3) Loop-level parallelism: Without special processing, a typical loop using index variable can project a false loop-carried dependence on the index variable and masks potential parallelism from our profiling mechanism. After proper adjustments, parallel loops will present a special case for our selection mechanism. The appropriate spawn and target points would be the same static node. The number of iterations to jump ahead is selected to make the number of instructions close to a target number (1000 in this paper).

4) Available parallelism: A successful speculative parallelization system maximizes the opportunities to execute code in parallel (even when there are apparent dependences) and yet does not create too many squashes at runtime. In that regard, our methodology has a long way to go. Our goal in this paper is to show that there are significant opportunities for speculative parallelization in the special environment of look-ahead, even without a sophisticated analyzer. Figure 5 shows an approximate measure of available parallelism recognized by our analysis mechanism. The measure is simply that of the "height" of a basic block schedule as shown in Figure 4. For instance, the schedule in Figure 4-a has a height of 6 and the schedule in Figure 4-b has a height of 4, giving a parallelism of 1.5 (6/4). (Note that in reality, node d's  $D_{min}$ is too small to be hoisted up for parallel execution.) For simplicity, at most two nodes can be in the same time slot, giving a maximum parallelism of 2. For comparison, we also show the result of using the same mechanism to analyze the full program trace.

The result shows that there is a significant amount of parallelism, even in integer code. Also, in general, there is more parallelism in the look-ahead thread than in the main program thread.

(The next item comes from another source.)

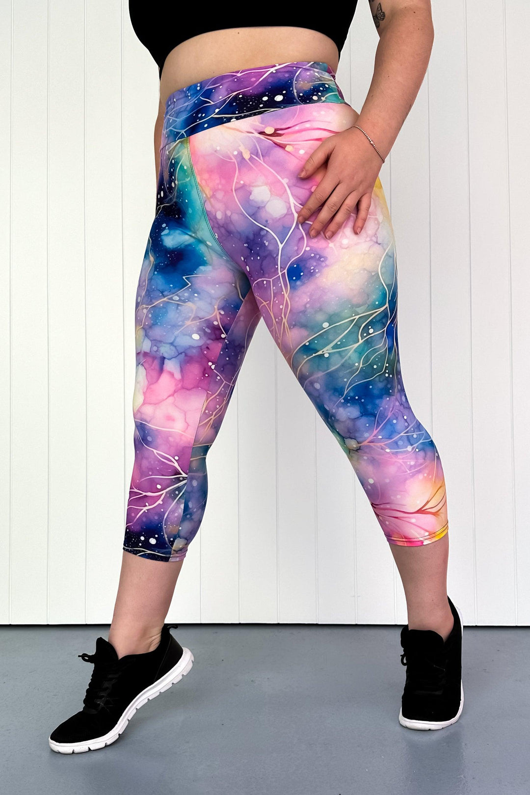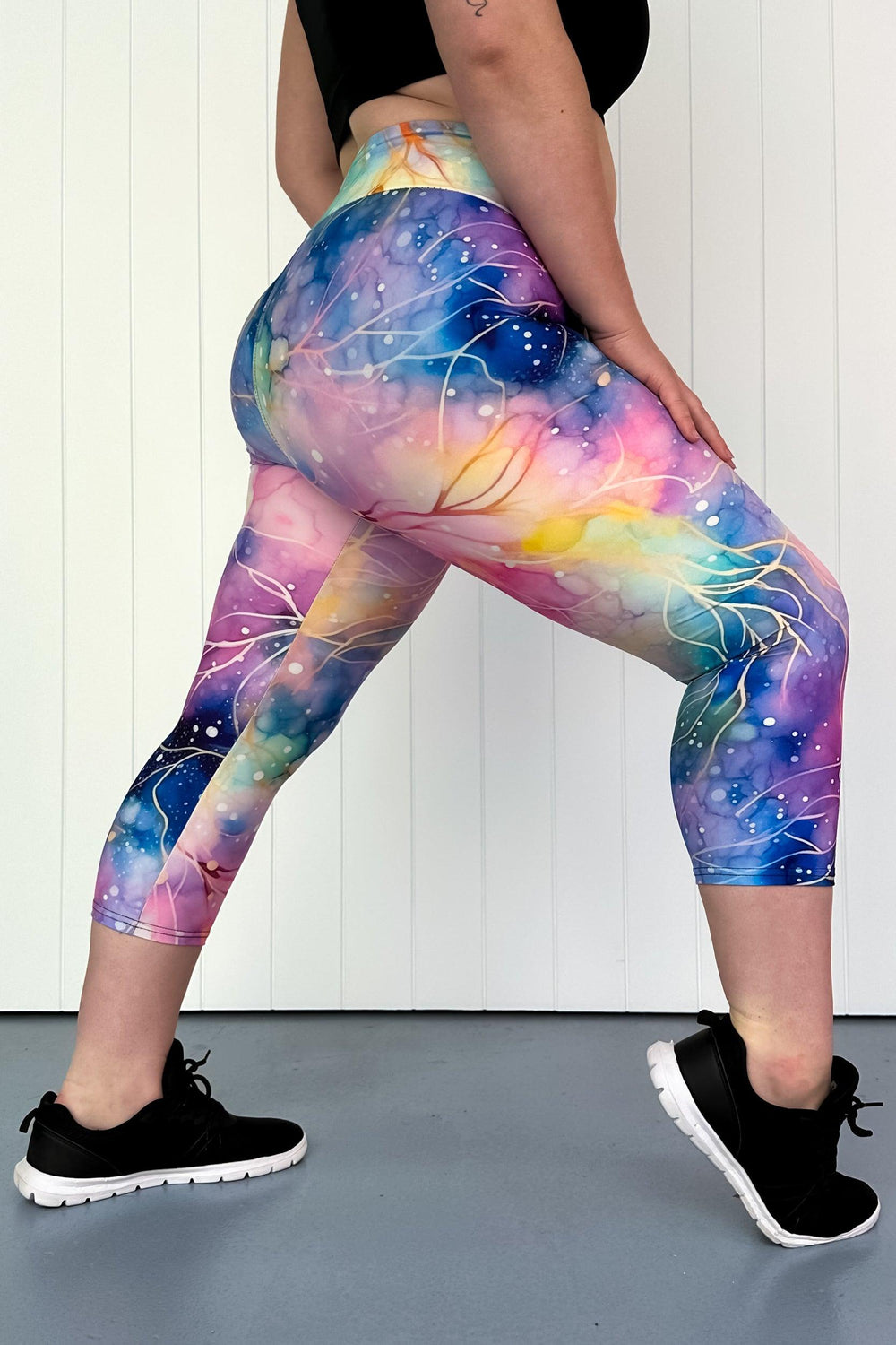 Remember those tie-dye tees you made in the backyard with rubber bands and a whole lot of hope? This is the grown-up, can actually wear outside the house version. The Spellbound Casual Capri Leggings blends vibrant colours with gentle white line detailing that feels part hand-drawn, part whimsical. It’s eye-catching in the best way, and comfier than anything you wore in the '90s.

Figure 5-(b) shows the amount of parallelism when we impose further constraints, namely finding stable spawntarget point pairs to minimize spurious spawns. The result suggests that some parallelism opportunities are harder to extract than others because there are not always spawn points that consistently lead to the execution of the target point. We



**Figure 5.** An approximate measure of available parallelism in the trace of the look-ahead thread and the main program thread (a). A more constrained measure of parallelism that is likely to be exploited (b).

leave it as future work to explore cost-effective solutions to this problem.

# D. Hardware Support

Typical speculative parallelization requires a whole host of architectural support such as data versioning and crosstask dependence violation detection [30]. Since look-ahead does not require correctness guarantee, we are interested in exploring a design that minimizes intrusion.

To enable the speculative parallelization discussed so far, there are three essential elements: we need to (1) spawn a thread, (2) communicate values to the new thread, and (3) properly merge the threads.

1) Spawning a new thread: The support we need is not very different from existing implementation to spawn a new thread in a multi-threaded processor. For example, the main thread will set up the context of the newly spawned thread (Figure 6). A key difference is that the spawned thread is executing a future code segment in the same logical thread. If everything is successful, the primary look-ahead thread is expected to reach where the spawned thread has already started and "merge" with the spawned thread needs to be recorded. When the primary thread reaches that same PC – more specifically, when the instruction under that PC is about to retire – the primary thread simply terminates, without retiring that instruction, since it has been executed by the spawned thread.

2) Support for register access: When a new thread is spawned, it inherits the architectural state including memory content and register state. While this can be implemented in a variety of environments, it is most straightforward to support in a multithreaded processor. We focus on this environment.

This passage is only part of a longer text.